How Did I Get This Way? Introduction

Sometimes people may ask themselves, how did I become this way, or why did I do that? Maybe these are questions you’ve asked yourself before? Our behavior, though sometimes contradictory and confusing, actually can have a logical and predictable pattern. By understanding the developmental stages that created these patterns we begin to understand what experiences shaped us and helped form our thoughts, feelings, and behaviors – which logically we bring to our relationships as adults.

This first post is an introduction to a 5 part series on developmental stages that help shape who we are and how we interact in our adult relationships. The end result  of these posts is not to put ourselves in a box or point to one developmental milestone and say “yes” that is the problem right there! Rather, understanding our development is about understanding the primary forces that shaped who we are, and most importantly, how we continue to keep those unhealthy patterns in place in each of our relationships today.

There are 4 stages of development that are necessary for each human being to traverse in order to become a healthy, fully functioning adult.

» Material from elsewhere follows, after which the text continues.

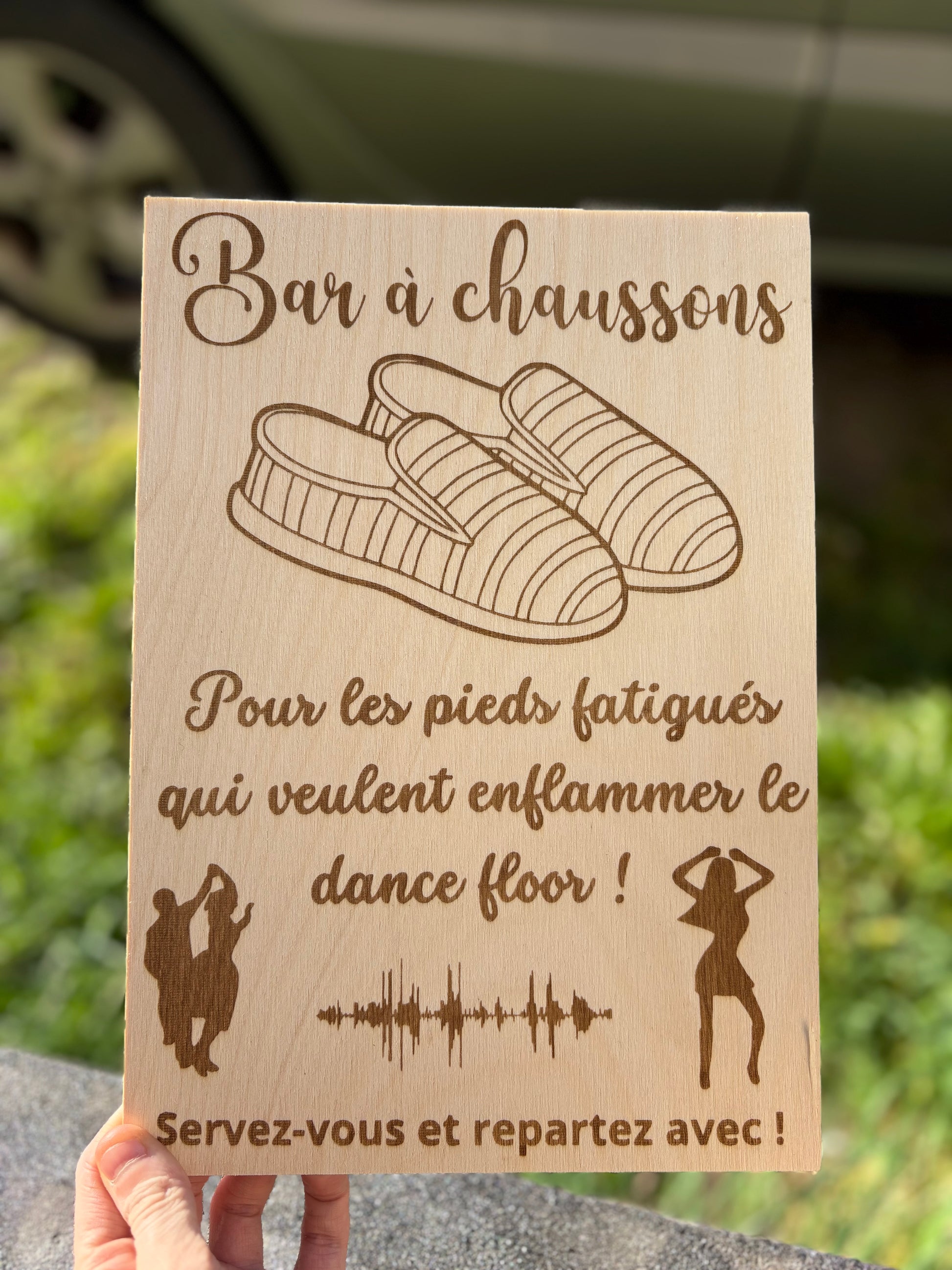 Affiche en bois au format A4, gravée avec finesse pour guider vos invités vers les chaussons mis à leur disposition. Son bois naturel, avec ses nuances chaleureuses et authentiques, apporte une touche élégante et accueillante à votre espace de confort.

These 4 stages are:

  1. Attachment or bonding
  2. Separation or boundaries
  3. Integration
  4. Adulthood

A couple of disclaimers are important here. First, just because I use the term fully functioning adult, doesn’t mean you might not see yourself as having one or more areas of immaturity. All of us, no matter what kind of parental guidance or support we may or may not have had, have some immaturities in our personality. Secondly, the goal is not to point the finger at any one person of your youth as having caused these immaturities. Our primary caretakers, for better or worse, did the best they could.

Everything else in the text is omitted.